#### [THE TASK]
Nothing but the lines from the one that holds "Constitution is a" through the end of the material should be repeated, each exactly as it stands, and pictures stay out.
DATA SECTION Block Start
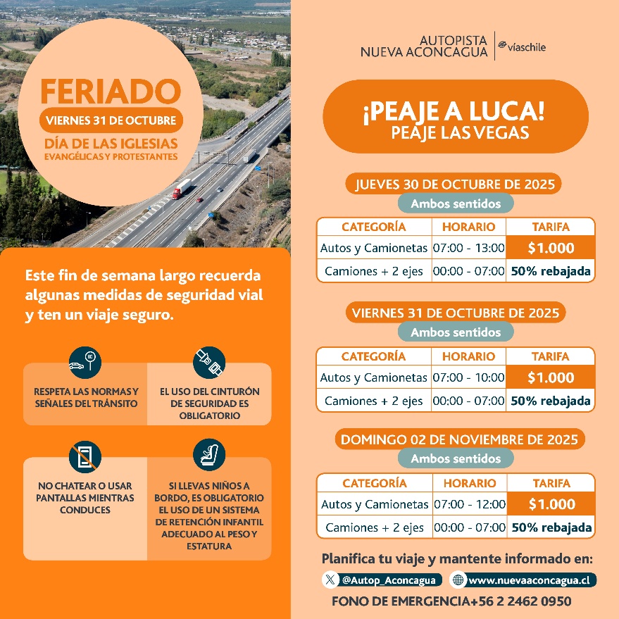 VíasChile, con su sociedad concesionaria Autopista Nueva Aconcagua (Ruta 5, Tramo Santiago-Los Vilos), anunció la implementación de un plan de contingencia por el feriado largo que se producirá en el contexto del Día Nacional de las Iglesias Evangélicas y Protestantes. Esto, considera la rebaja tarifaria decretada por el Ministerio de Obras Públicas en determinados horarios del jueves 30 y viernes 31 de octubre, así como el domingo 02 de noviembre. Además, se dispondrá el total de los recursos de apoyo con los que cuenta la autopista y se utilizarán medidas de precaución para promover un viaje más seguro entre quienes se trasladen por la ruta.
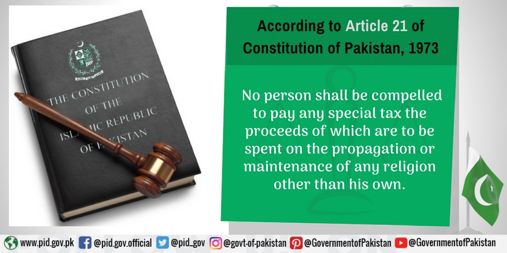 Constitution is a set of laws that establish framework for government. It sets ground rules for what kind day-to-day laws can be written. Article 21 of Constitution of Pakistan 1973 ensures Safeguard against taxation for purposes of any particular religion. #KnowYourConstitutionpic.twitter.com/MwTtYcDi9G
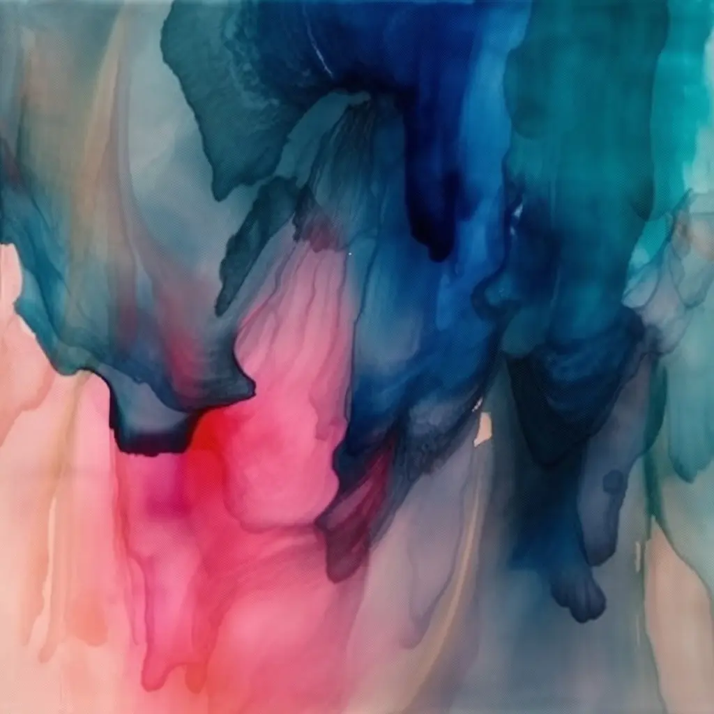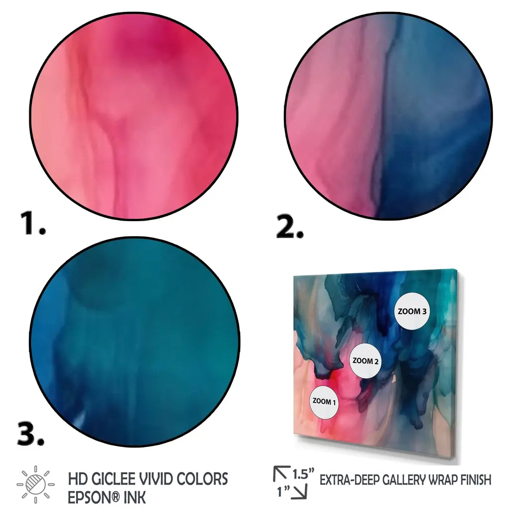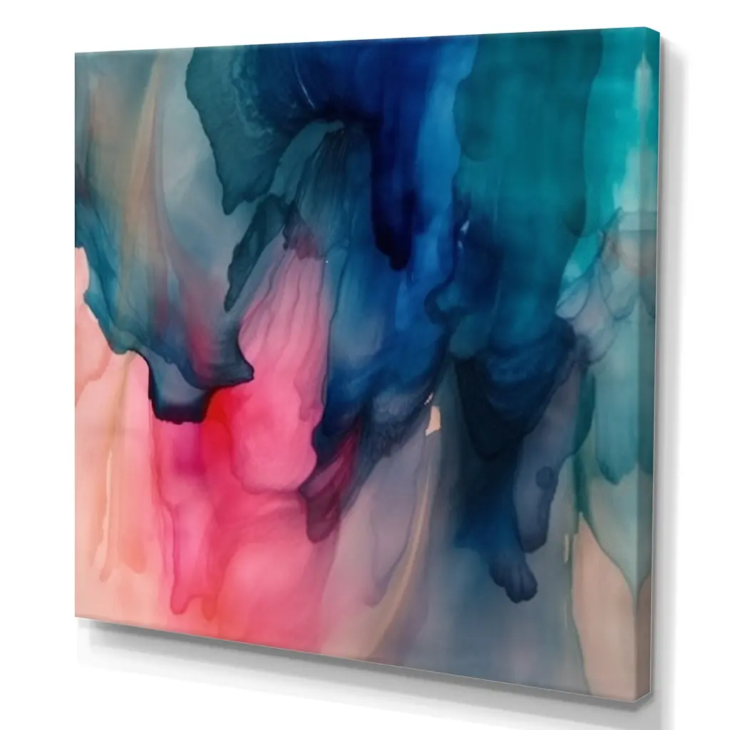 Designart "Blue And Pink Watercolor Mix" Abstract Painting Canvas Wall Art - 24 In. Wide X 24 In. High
DATA SECTION Block End
#### [EXERCISE OUTPUT]
 Constitution is a set of laws that establish framework for government. It sets ground rules for what kind day-to-day laws can be written. Article 21 of Constitution of Pakistan 1973 ensures Safeguard against taxation for purposes of any particular religion. #KnowYourConstitutionpic.twitter.com/MwTtYcDi9G
 Designart "Blue And Pink Watercolor Mix" Abstract Painting Canvas Wall Art - 24 In. Wide X 24 In. High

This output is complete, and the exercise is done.